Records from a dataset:

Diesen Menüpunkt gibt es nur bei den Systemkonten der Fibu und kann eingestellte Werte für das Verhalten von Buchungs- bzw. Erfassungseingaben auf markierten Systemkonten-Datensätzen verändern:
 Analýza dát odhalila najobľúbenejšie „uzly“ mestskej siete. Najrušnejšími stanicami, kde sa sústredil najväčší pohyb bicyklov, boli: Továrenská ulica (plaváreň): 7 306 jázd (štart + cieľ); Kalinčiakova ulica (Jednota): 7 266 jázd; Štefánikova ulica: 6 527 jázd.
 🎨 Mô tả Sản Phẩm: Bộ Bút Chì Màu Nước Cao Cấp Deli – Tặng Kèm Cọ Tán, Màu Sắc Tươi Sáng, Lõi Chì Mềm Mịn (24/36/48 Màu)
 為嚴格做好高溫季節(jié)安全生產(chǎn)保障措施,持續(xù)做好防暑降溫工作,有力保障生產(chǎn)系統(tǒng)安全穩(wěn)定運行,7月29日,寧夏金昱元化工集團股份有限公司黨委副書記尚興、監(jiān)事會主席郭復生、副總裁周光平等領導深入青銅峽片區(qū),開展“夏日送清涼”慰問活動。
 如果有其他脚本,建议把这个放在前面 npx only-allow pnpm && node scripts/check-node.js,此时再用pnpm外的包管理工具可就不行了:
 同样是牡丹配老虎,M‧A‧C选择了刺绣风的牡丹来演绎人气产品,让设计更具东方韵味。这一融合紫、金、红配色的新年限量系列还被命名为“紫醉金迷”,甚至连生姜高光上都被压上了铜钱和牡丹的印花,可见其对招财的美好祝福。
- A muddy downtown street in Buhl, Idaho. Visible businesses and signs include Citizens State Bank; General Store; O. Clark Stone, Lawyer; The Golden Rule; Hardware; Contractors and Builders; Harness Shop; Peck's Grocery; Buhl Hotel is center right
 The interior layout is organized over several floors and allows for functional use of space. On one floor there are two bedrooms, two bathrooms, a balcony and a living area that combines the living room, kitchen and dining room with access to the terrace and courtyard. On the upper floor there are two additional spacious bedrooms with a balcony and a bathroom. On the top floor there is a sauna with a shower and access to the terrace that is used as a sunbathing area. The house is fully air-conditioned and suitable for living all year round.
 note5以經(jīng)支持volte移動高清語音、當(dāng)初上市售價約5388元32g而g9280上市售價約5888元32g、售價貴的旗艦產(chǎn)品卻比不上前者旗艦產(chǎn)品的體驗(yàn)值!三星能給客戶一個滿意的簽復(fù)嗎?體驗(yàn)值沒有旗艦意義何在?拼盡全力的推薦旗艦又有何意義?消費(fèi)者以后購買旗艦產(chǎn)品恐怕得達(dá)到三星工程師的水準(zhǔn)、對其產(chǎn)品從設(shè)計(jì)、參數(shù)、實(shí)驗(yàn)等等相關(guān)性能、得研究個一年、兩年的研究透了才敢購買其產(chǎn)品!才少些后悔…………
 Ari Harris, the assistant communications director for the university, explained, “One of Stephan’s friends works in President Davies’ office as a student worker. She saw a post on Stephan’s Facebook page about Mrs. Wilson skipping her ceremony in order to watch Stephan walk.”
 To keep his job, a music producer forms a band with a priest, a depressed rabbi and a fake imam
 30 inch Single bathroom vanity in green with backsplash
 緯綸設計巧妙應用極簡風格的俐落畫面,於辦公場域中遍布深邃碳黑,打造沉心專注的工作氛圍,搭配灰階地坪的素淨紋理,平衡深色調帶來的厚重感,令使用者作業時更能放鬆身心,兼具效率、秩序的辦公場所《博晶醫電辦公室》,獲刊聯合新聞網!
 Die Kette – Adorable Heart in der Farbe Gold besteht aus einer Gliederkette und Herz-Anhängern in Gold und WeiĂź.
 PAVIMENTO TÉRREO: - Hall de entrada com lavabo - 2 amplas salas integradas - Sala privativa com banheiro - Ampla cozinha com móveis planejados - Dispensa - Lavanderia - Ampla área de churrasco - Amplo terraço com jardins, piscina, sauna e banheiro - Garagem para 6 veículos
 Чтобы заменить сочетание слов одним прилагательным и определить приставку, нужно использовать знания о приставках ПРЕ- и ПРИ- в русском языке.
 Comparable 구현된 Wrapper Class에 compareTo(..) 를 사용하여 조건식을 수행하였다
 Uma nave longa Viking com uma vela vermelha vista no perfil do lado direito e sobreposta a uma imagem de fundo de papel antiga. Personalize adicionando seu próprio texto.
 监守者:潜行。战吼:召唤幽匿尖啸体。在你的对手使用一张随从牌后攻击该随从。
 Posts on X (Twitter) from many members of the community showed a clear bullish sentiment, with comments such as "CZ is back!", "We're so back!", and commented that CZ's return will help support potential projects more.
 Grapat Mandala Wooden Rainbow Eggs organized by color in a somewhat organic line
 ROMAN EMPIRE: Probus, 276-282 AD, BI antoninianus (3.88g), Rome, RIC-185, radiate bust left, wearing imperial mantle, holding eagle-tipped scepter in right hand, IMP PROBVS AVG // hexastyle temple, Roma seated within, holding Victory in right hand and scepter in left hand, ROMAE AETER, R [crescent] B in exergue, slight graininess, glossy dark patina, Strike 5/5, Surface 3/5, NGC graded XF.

• [EXERCISE PROMPT]
Each line from the top of the entries above through the line containing "- A muddy downtown" must be transcribed exactly, and no other line may appear.

• [RESULT FOR THIS EXERCISE]
Diesen Menüpunkt gibt es nur bei den Systemkonten der Fibu und kann eingestellte Werte für das Verhalten von Buchungs- bzw. Erfassungseingaben auf markierten Systemkonten-Datensätzen verändern:
 Analýza dát odhalila najobľúbenejšie „uzly“ mestskej siete. Najrušnejšími stanicami, kde sa sústredil najväčší pohyb bicyklov, boli: Továrenská ulica (plaváreň): 7 306 jázd (štart + cieľ); Kalinčiakova ulica (Jednota): 7 266 jázd; Štefánikova ulica: 6 527 jázd.
 🎨 Mô tả Sản Phẩm: Bộ Bút Chì Màu Nước Cao Cấp Deli – Tặng Kèm Cọ Tán, Màu Sắc Tươi Sáng, Lõi Chì Mềm Mịn (24/36/48 Màu)
 為嚴格做好高溫季節(jié)安全生產(chǎn)保障措施,持續(xù)做好防暑降溫工作,有力保障生產(chǎn)系統(tǒng)安全穩(wěn)定運行,7月29日,寧夏金昱元化工集團股份有限公司黨委副書記尚興、監(jiān)事會主席郭復生、副總裁周光平等領導深入青銅峽片區(qū),開展“夏日送清涼”慰問活動。
 如果有其他脚本,建议把这个放在前面 npx only-allow pnpm && node scripts/check-node.js,此时再用pnpm外的包管理工具可就不行了:
 同样是牡丹配老虎,M‧A‧C选择了刺绣风的牡丹来演绎人气产品,让设计更具东方韵味。这一融合紫、金、红配色的新年限量系列还被命名为“紫醉金迷”,甚至连生姜高光上都被压上了铜钱和牡丹的印花,可见其对招财的美好祝福。
- A muddy downtown street in Buhl, Idaho. Visible businesses and signs include Citizens State Bank; General Store; O. Clark Stone, Lawyer; The Golden Rule; Hardware; Contractors and Builders; Harness Shop; Peck's Grocery; Buhl Hotel is center right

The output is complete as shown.